Pharmacogenomics has largely been applied to the personalization of irinotecan-based treatment, focusing mainly on the study of genetic variants in adsorption, distribution, metabolism, and excretion (ADME) genes. The transcriptional control of ADME gene expression is mediated by a set of nuclear factors responding to cancer-related inflammation, which could have pharmacological implications. The aim of the present study was to uncover novel genetic predictors of neutropenia and gastrointestinal toxicity risk among 246 haplotype-tagging polymorphisms in 22 genes encoding inflammation-related cytokines and transcriptional regulators of ADME genes. The study comprised overall more than 400 metastatic colorectal cancer (mCRC) patients treated with first-line FOLFIRI, grouped in a discovery and a replication cohorts. A concordant protective effect of STAT-3 rs1053004 polymorphism against the risk of grade 3–4 gastrointestinal toxicity was observed in both the cohorts of patients (OR = 0.51, p = 0.045, q = 0.521 and OR = 0.39, p = 0.043, respectively). VDR rs11574077 polymorphism was demonstrated to affect both irinotecan biliary index (BI) and glucuronidation ratio (GR) by a pharmacokinetic analysis.
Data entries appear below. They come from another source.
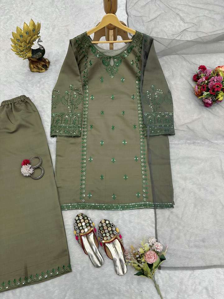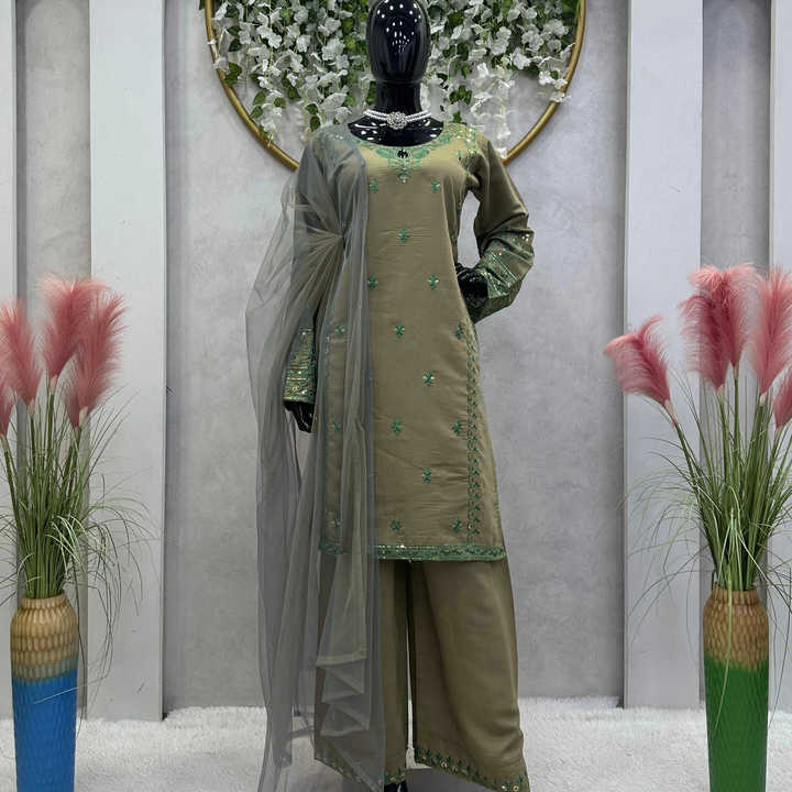 Hermoso Salwar Kameez de Diseñador para Mujer con Interior y Plazzo-Dupatta, Trabajo con Hilos y Lentejuelas para Fiestas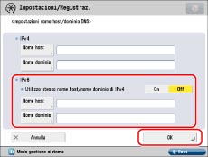 Se <Utilizzo DHCPv6> è stato impostato su 'On' al punto 7, il nome di dominio impostato manualmente viene sovrascritto. Anche se si imposta <Utilizzo stesso nome host/nome dominio di IPv4> su 'On', viene utilizzato il nome di dominio ottenuto dal server DHCPv6.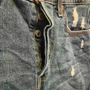Get ready for your next adventure with these Levi's Big E Ribcage Shorts. Made with durable denim fabric and featuring a medium wash, these shorts are perfect for travel and casual occasions. The high-rise waist and cut-off style provide both comfort and style, while the button closure adds a touch of classic Levi's detailing. These shorts are available in size 26, making them a great fit for many body types. The solid blue color and ribcage detailing add a unique touch to these versatile shorts. Whether you're heading out on a day hike or running errands around town, these Levi's Big E Ribcage Shorts are the perfect choice.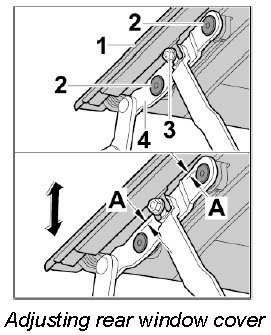 2.2. Move the rear window cover at the cover hinges to adjust the contours with respect to the sunroof cover and the rear centre panel. Refer to Diagram - body gap dimensions.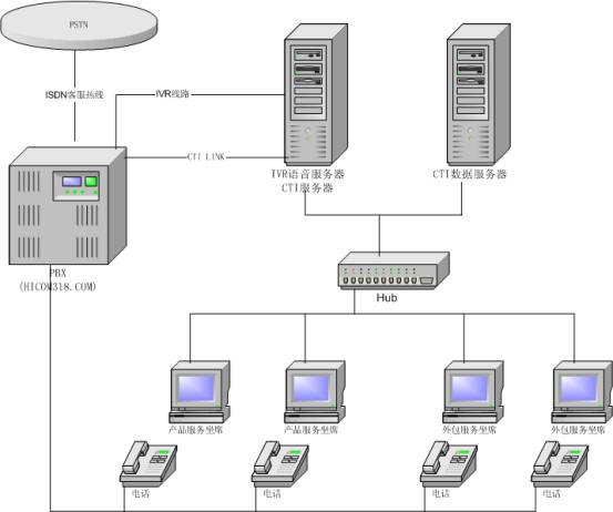 Siemens Hicom318.com交換機(jī):接入ISDN中繼線,設(shè)置人工座席分機(jī),為CTI,IVR語(yǔ)音服務(wù)器提供16路IVR端口和CTI LINK控制電纜。
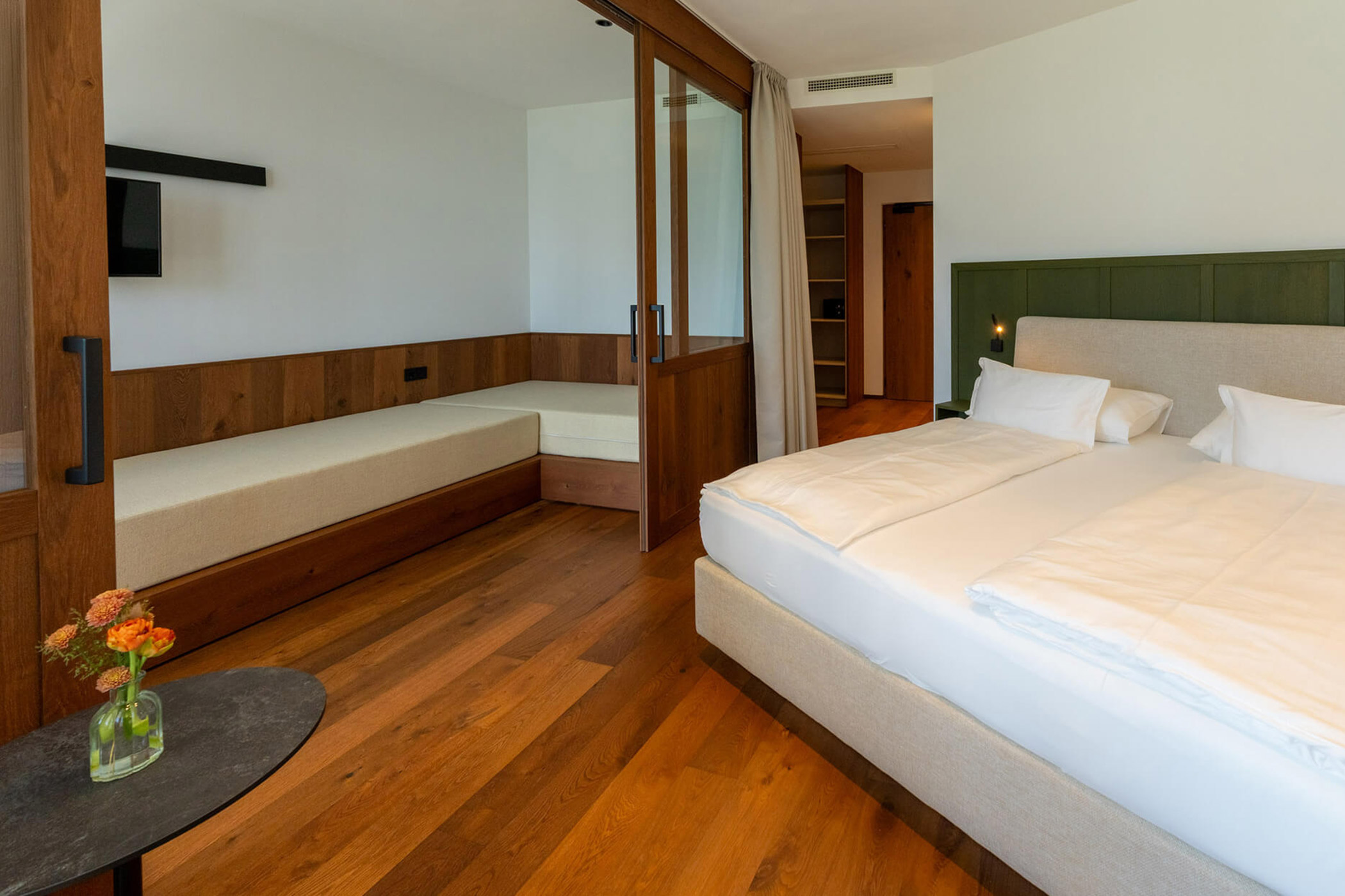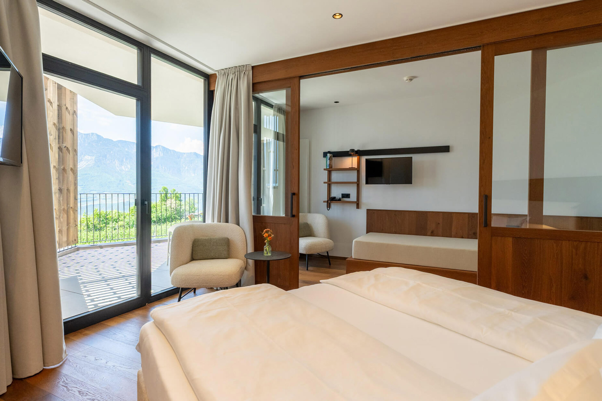 La Suite Vigneto 212, situata al 2° piano, offre ampi spazi abitativi per coppie e famiglie. Oltre alla camera da letto principale, la zona giorno può essere trasformata in una seconda camera da letto, perfetta per famiglie con fino a tre bambini. Il balcone di 12 m² regala una vista incantevole sui vigneti, la Val d’Adige e il Lago di Caldaro.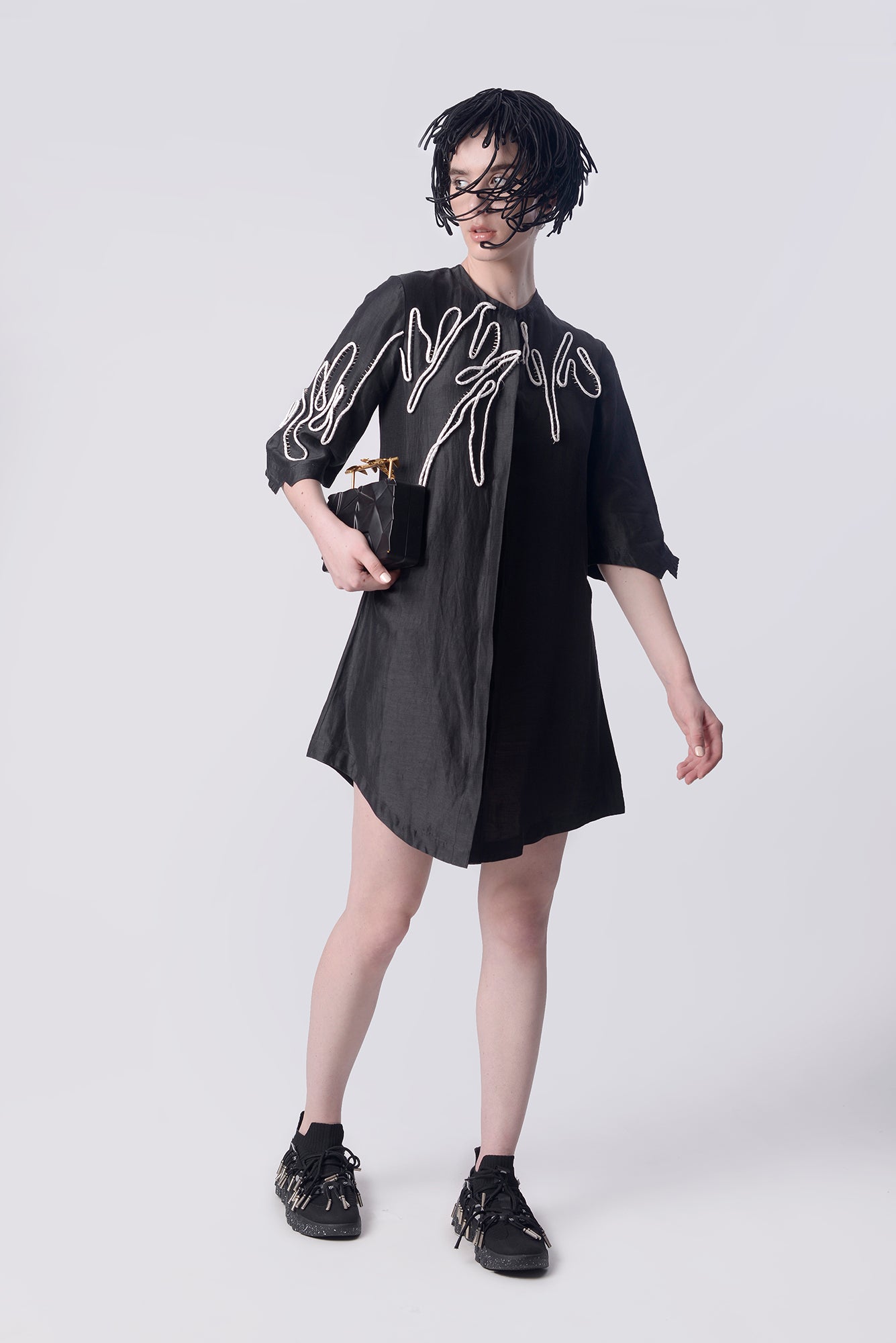 3D hand embroidered knee length dress in linen satin. The dress has a button down opening at the centre front.

This effect was consistent with an increased risk of grade 3–4 gastrointestinal toxicity in the discovery cohort (OR = 4.46, p = 0.010, q = 0.305). The association was not significant in the replication cohort (OR = 1.44, p = 0.601). These findings suggest an effect of STAT-3 and VDR polymorphisms on FOLFIRI-related gastrointestinal toxicity. If prospectively validated as predictive markers, they could be used to improve the clinical management of mCRC.

Highlights

  • Irinotecan in association with FOLFIRI regimen represents the standard of care for first-line treatment of metastatic colorectal cancer (mCRC) (Fujita et al, 2015)

  • The present study addressed the effect of polymorphisms in genes encoding transcriptional regulators and pro-inflammatory cytokines impacting irinotecan-related ADME genes on the risk of toxicity

  • Neutropenia and GI toxicity are typically associated with irinotecan-containing regimens, such as FOLFIRI (Gupta et al, 1994, 1997)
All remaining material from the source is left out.